Can you tell me about a time when you felt you really made a difference?
Through happenstance, I became the point of contact for mercury at the EPA. So if there was an emergency mercury spill, I was often either put on the case or contacted for advice.
Mercury is toxic even in amounts less than an ounce. I was notified that a scrapyard had 15 pounds of mercury stored in a jar in an unlocked shed. Some kids had grabbed it and were playing with it outside, and then they all went to their apartments, and it spread through multiple apartment complexes. Mercury’s almost alive or like fire in its ability to spread, because so little of it is needed and it can contaminate any area it touches and then migrate.
I was the attorney on that case. Because mercury is so dangerous, it requires intervention from a whole team of people who are the best at what they do. There were people in the field in hazmat suits tearing up inches of concrete, and I felt like the guy in the chair, behind the scenes giving guidance.
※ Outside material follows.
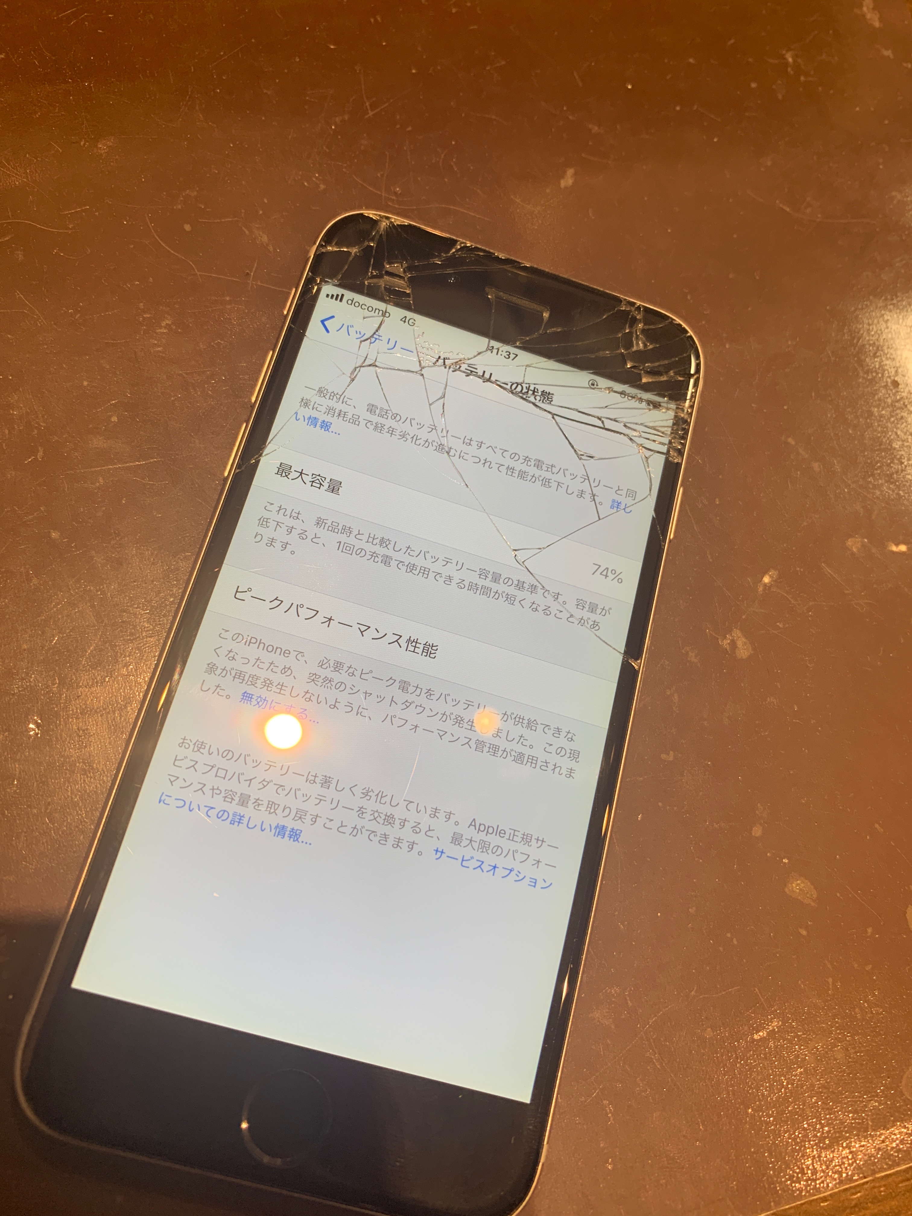 iPhone6画面割れ+電池もちが悪いバッテリー。一緒に交換修理できます!

As emergencies came up, they’d contact me with questions they needed the answers to.
That felt really good. I wasn’t the person in the hazmat suit cleaning it up, but I was providing the necessary support to do this very important work addressing the crisis and making sure everyone was safe.
We got it cleaned up in about two weeks. But that cost a million dollars of taxpayer money. And then it became my responsibility to go sue the people who had caused the incident. And that felt really good too. This company was sloppy, and someone else had to pick up the tab. The company gets all the benefits in that situation because the harm is so dispersed.
But they shouldn’t be able to get away with that, and it felt really good making sure that they were held accountable for the harm they had caused and for their responsibility to the public.
What can plaintiffs’ attorneys and law firms do in these types of cases?
It’s harder for private entities to sue, both in amount of resources and the way the legal system is set up. At the EPA, I just needed to prove that these companies were violating the law. The plaintiffs’ bar has to prove harm in order to have a case, and that’s harder to do.
That being said, I think and hope the plaintiffs’ bar will step up to fill that gap. The work needs to be done. Harm is happening and it needs to be corrected.
That’s another reason I’m excited to be at Wallace Miller. My goals have stayed the same, but my old employer’s goals have changed. Now I’m with an employer that shares my goals. I hope at Wallace Miller to continue doing what I was doing at the EPA, which is getting people who profit from causing harm to pay for the harm they cause.